AIM OF THE TASK
Up to and including the line containing "确保您已保存包含32位代码的", please reproduce the lines of the listing below, starting from the top.
Segment Open
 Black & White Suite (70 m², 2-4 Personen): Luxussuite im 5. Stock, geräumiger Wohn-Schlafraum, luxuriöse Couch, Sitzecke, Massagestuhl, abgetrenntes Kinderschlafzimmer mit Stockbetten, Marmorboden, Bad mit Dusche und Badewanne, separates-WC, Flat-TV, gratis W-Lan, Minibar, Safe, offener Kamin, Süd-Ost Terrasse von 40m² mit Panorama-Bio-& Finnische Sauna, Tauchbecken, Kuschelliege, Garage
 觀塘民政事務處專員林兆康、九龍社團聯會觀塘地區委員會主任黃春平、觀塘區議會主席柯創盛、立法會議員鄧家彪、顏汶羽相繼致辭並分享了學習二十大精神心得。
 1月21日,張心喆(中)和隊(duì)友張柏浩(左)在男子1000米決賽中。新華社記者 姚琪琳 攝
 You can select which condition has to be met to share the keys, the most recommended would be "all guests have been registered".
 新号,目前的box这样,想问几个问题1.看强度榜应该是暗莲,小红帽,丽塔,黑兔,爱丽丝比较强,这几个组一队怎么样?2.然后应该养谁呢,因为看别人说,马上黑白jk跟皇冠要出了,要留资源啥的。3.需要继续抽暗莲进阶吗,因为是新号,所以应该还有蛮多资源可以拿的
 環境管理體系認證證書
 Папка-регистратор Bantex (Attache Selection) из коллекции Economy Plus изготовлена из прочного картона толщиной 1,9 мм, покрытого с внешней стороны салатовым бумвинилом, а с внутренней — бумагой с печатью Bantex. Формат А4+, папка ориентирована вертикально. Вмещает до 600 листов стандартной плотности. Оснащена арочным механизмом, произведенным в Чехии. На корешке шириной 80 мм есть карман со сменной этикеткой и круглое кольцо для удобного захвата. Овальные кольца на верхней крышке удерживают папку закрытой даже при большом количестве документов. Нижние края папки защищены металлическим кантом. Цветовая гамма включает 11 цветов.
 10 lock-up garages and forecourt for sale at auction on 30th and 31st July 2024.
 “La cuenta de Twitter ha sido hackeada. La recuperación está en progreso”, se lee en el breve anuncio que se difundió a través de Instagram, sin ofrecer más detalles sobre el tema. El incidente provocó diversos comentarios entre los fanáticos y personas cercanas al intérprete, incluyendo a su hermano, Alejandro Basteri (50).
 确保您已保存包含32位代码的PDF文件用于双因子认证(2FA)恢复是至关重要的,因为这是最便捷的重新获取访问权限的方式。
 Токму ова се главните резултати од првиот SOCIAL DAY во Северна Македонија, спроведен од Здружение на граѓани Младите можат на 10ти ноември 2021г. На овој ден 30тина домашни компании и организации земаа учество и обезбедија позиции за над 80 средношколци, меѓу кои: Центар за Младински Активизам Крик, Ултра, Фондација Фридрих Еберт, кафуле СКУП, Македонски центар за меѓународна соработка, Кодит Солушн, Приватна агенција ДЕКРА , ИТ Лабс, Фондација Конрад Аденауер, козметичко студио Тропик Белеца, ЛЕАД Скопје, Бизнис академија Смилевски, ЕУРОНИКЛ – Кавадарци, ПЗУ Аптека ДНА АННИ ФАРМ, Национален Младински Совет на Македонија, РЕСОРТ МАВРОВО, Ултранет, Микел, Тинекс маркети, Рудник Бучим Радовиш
Segment Closed
RESPONSE FOR THIS EXERCISE
 Black & White Suite (70 m², 2-4 Personen): Luxussuite im 5. Stock, geräumiger Wohn-Schlafraum, luxuriöse Couch, Sitzecke, Massagestuhl, abgetrenntes Kinderschlafzimmer mit Stockbetten, Marmorboden, Bad mit Dusche und Badewanne, separates-WC, Flat-TV, gratis W-Lan, Minibar, Safe, offener Kamin, Süd-Ost Terrasse von 40m² mit Panorama-Bio-& Finnische Sauna, Tauchbecken, Kuschelliege, Garage
 觀塘民政事務處專員林兆康、九龍社團聯會觀塘地區委員會主任黃春平、觀塘區議會主席柯創盛、立法會議員鄧家彪、顏汶羽相繼致辭並分享了學習二十大精神心得。
 1月21日,張心喆(中)和隊(duì)友張柏浩(左)在男子1000米決賽中。新華社記者 姚琪琳 攝
 You can select which condition has to be met to share the keys, the most recommended would be "all guests have been registered".
 新号,目前的box这样,想问几个问题1.看强度榜应该是暗莲,小红帽,丽塔,黑兔,爱丽丝比较强,这几个组一队怎么样?2.然后应该养谁呢,因为看别人说,马上黑白jk跟皇冠要出了,要留资源啥的。3.需要继续抽暗莲进阶吗,因为是新号,所以应该还有蛮多资源可以拿的
 環境管理體系認證證書
 Папка-регистратор Bantex (Attache Selection) из коллекции Economy Plus изготовлена из прочного картона толщиной 1,9 мм, покрытого с внешней стороны салатовым бумвинилом, а с внутренней — бумагой с печатью Bantex. Формат А4+, папка ориентирована вертикально. Вмещает до 600 листов стандартной плотности. Оснащена арочным механизмом, произведенным в Чехии. На корешке шириной 80 мм есть карман со сменной этикеткой и круглое кольцо для удобного захвата. Овальные кольца на верхней крышке удерживают папку закрытой даже при большом количестве документов. Нижние края папки защищены металлическим кантом. Цветовая гамма включает 11 цветов.
 10 lock-up garages and forecourt for sale at auction on 30th and 31st July 2024.
 “La cuenta de Twitter ha sido hackeada. La recuperación está en progreso”, se lee en el breve anuncio que se difundió a través de Instagram, sin ofrecer más detalles sobre el tema. El incidente provocó diversos comentarios entre los fanáticos y personas cercanas al intérprete, incluyendo a su hermano, Alejandro Basteri (50).
 确保您已保存包含32位代码的PDF文件用于双因子认证(2FA)恢复是至关重要的,因为这是最便捷的重新获取访问权限的方式。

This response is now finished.